Query (for reference, further reading): https://www.google.com/search?q=b-h+loop+family

The loop area gets smaller, but not proportionally so; losses vary nonlinearly with amplitude. The modified Steinmetz approximation works well enough for most materials, but does have error on the order of 20% for many. It's just an empirical curve fit formula, with different parameters for each material.

As for decaying from peak, generally it will trend towards the middle (degaussing), yes.

But, magnetic materials are weird.

I once observed, playing around with a stripwound core, that after applying some DC bias (saturating it to one side), then letting it relax (under AC bias), it would go high impedance (towards the middle of the curve, or away from saturation anyway), then over some seconds, drift back into saturation! This might've been due to leakage current in the AC source (it was an electrolytic coupling capacitor, I believe), but it might've been in the core.

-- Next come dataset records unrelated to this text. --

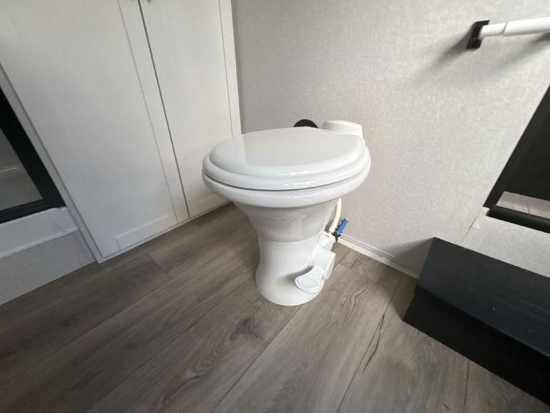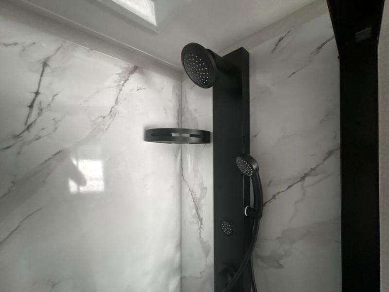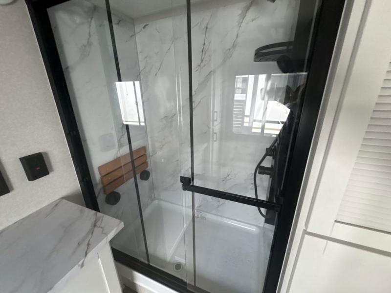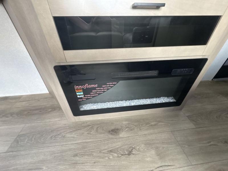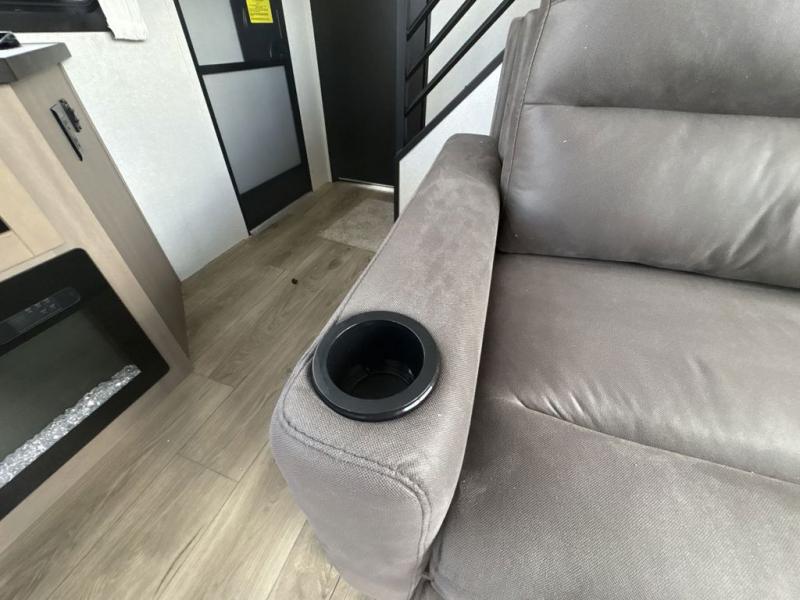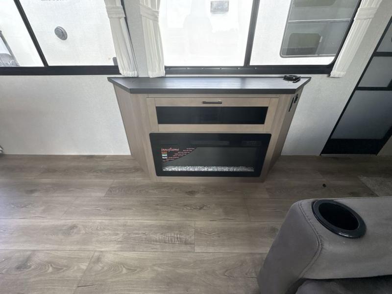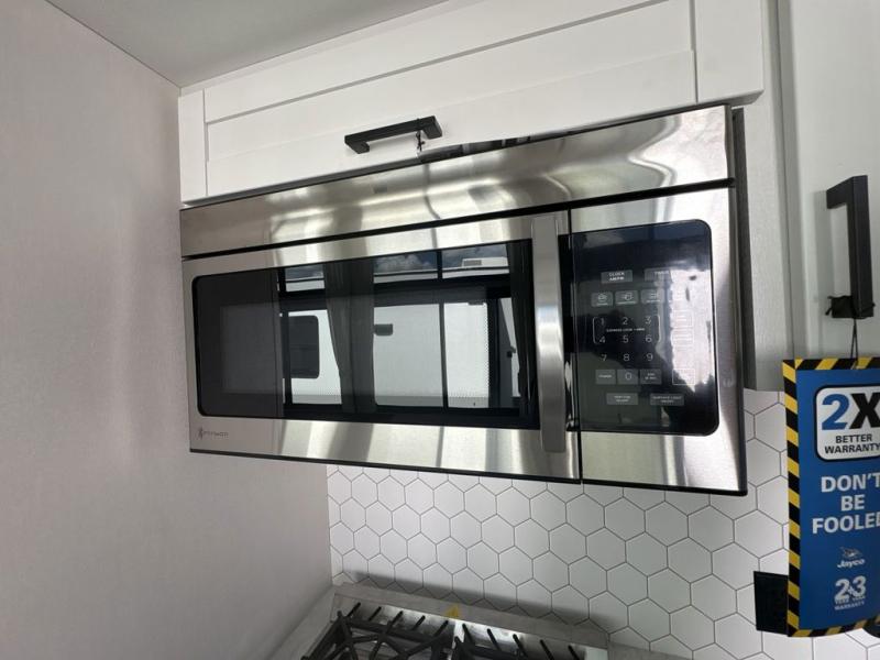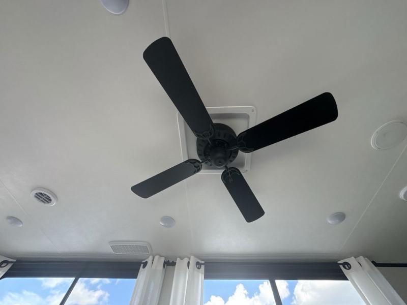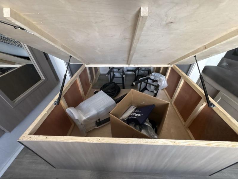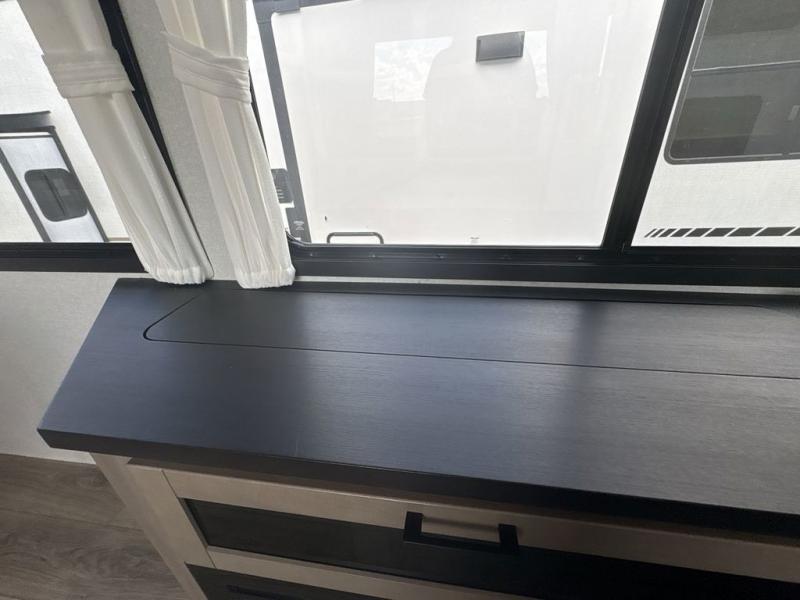 Travel in comfort with your family. You will love having your own bedroom up front with a queen bed, a bench with storage below, plus a dresser and overhead cabinet for your things. The front loft above the bedroom includes three bunk mats, a nightstand, and overhead shelves to keep this space tidy. In the living area, you will be able to enjoy the entertainment center, and a ceiling fan will keep the air moving while the chef cooks delicious meals in the morning. And you all can dine at the kitchen island which includes bar stools. The Kitchen is also fitted with a residential refrigerator, microwave, four cooktop burner, sink and pantry perfect to cook with luxury and comfort. Finally, you'll find a full rear bath with a walk-in shower plus washer and dryer prep. There is even a second loft above the bathroom for more sleeping or storage space!
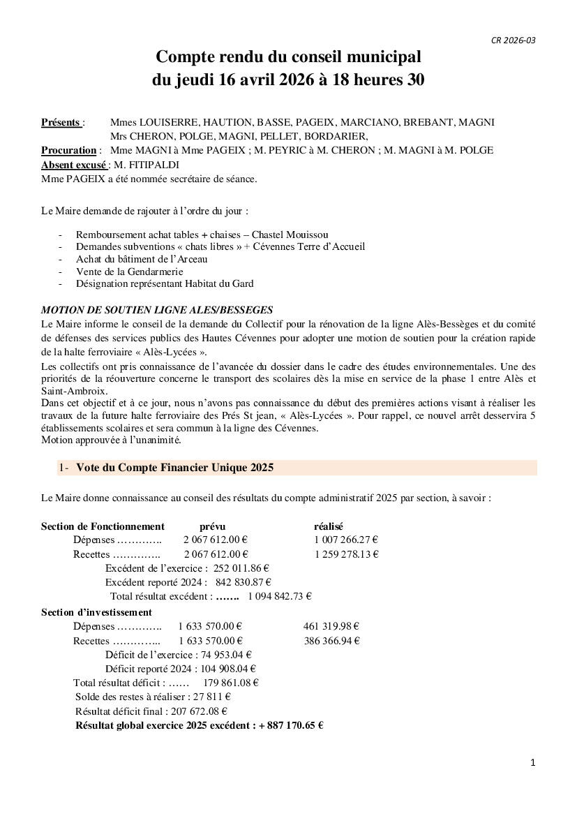 Compte-rendu du Conseil Municipal
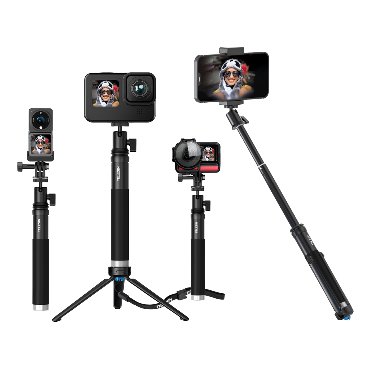 Compatibilidade: GoPro, Insta360, DJI Osmo Action, DJI Action 2, SJCAM, EKEN, telemóvel com diagonal de 4 - 6"​​​​​​, câmara compacta com rosca de 1/4''
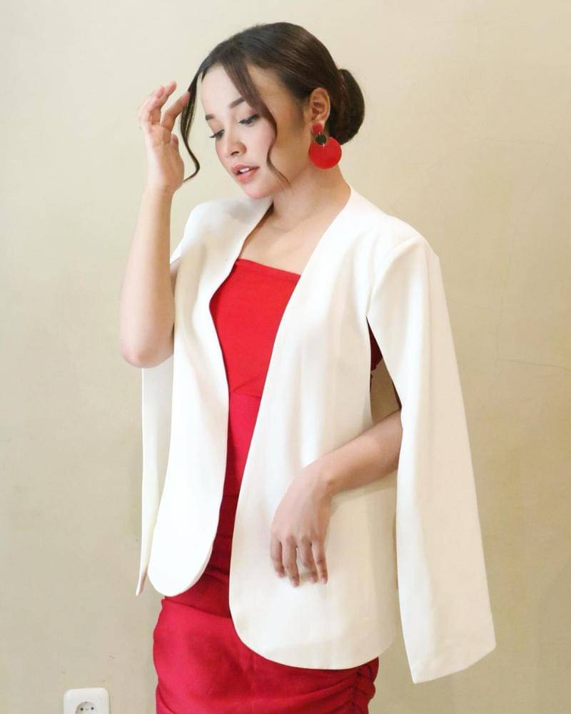 Tasya Rosmala tampil menawan dalam blazer krem yang memberikan kesan feminin dan stylish. Blazer tersebut ia padukan dengan dress lengan pendek berwarna merah yang mencuri perhatian, menciptakan kombinasi warna yang elegan dan berani.
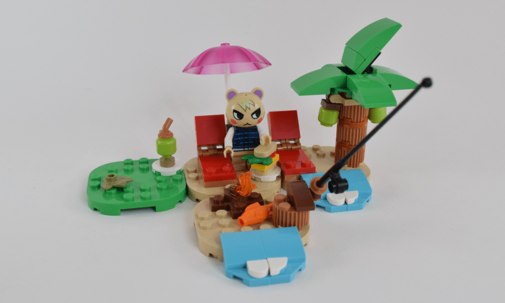 The bag builds four small island sections, three of which are sand, and includes a campfire, fishing station, and a palm tree complete with two coconuts. The set designers have done a great job transforming the New Horizons style palm trees into LEGO system.
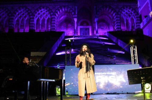 Stella della serata è stata Arisa. Il suo ingresso in scena scendendo la scala monumentale del Duomo, dopo la fase di riscaldamento affidata alla Nientedimeno Swig Band, ha dato il via ad un intenso spettacolo per voce e piano. L’artista ha incantato con la sua armoniosità vocale e ha coinvolto il pubblico con la sua ironia. Le prime note che hanno colmato la piazza dominata dalle inconfondibili volte della cattedrale di Sant’Andrea sono state quelle di “Meraviglioso amore mio”, continuando poi per una lunga carrellata di successi che hanno compreso tra l’altro i due brani vincitori del Sanremo (Controvento e Sincerità), la hit dell’estate “L’esercito del selfie” cantata, assieme a due fan dopo un simpatico siparietto col pubblico, passando poi per “La Notte”, “Ho cambiato i piani”, “Malamorenò”, “La Notte” ed altri brani fino alla conclusione con “Pace”. Durante il concerto, Arisa ha omaggiato Pino Daniele cantando “ ‘O ssaje comme fa ‘o core”. Il dono speciale dell’artista ad Amalfi, nella notte di Capodanno, è stata per sua stessa ammissione una delle primissime esecuzioni live di “Vasame”, il brano che fa da colonna sonora al film “Napoli Velata” di Ferzan Ozpetec. Non sono mancati i momenti di grande ironia, che hanno visto l’artista giocare col pubblico, pungolarlo con qualche battuta in napoletano, fino al simpatico siparietto col sindaco di Amalfi Daniele Milano al quale, durante l’improvvisazione dei ritornelli di alcuni di brani tradizionali di liscio non previsti dalla scaletta e proposti al pubblico dopo che un fan aveva urlato “facci ballare!”, ha chiesto in cambio in omaggio una villa ad Amalfi con vista sul mare.
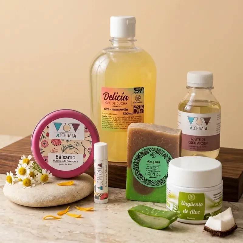 🔹 Gel de Baño (Manzanilla/Coco): Calma y limpia todo el cuerpo en la ducha.
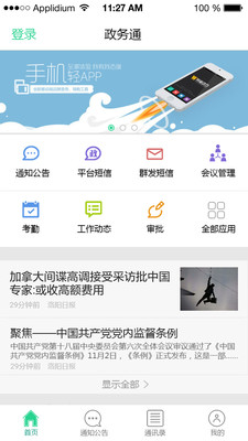 政务通是一款智慧办公软件,通过电脑、手机多平台操作,实现数据互通互联,进一步推动无纸化智慧办公建设。政务通以安全通讯录、会议通知、三通通短信、新闻资讯等作为基本功能解决了现有纸质通讯录的不方便性,以及日常通知的繁琐性和不确定性。工作动态、审批等功能都是紧紧以人为核心展开,软件采用即插即用式构架,打造积木式的定制Saas服务平台。
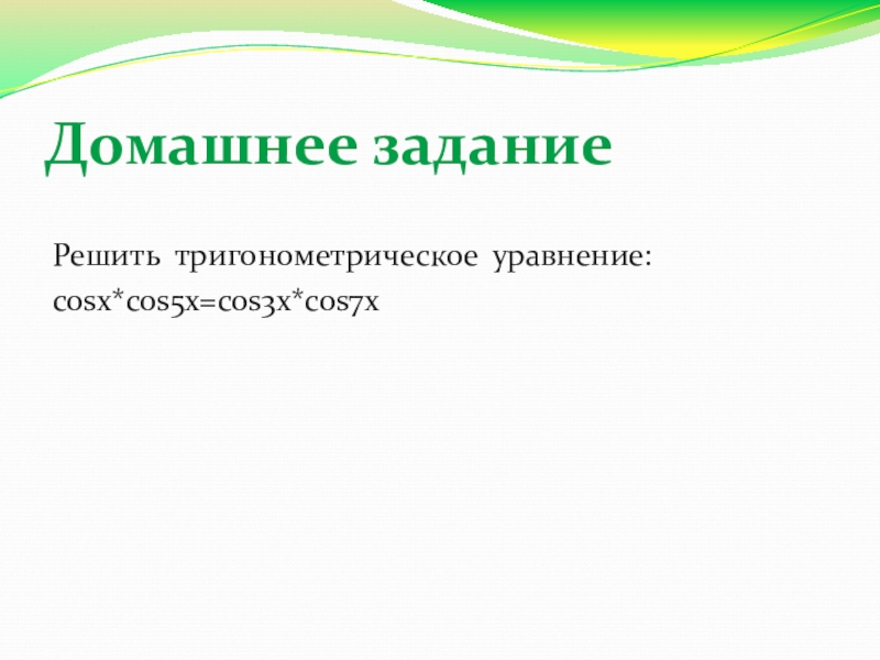 Домашнее заданиеРешить тригонометрическое уравнение: cosx*cos5x=cos3x*cos7x

On another occasion, I had a toroidal power transformer, driven by an H-bridge inverter circuit; this inevitably has some DC offset (due to timing errors in switching the inverter), and within some seconds of starting, made an infernal racket -- the core becomes much noisier as it saturates (magnetostriction), translating current into mechanical deformation -- hence it becomes audible. This corresponded with the measured inverter current, which was highly asymmetrical, as saturation current was drawn on one edge of the waveform, increasing inverter losses. The imbalance was then addressed by adding a coupling capacitor with damping, and this worked perfectly fine for new transformers -- but the previously-saturated unit always drifted back into saturation, as though it had taken a "set", a permanent magnetization, or perhaps even stranger had adopted some sort of ratcheting effect where, even though resting field strength might be whatever (depending on when during the cycle it was stopped), it would always gravitate towards that one-side-saturated condition.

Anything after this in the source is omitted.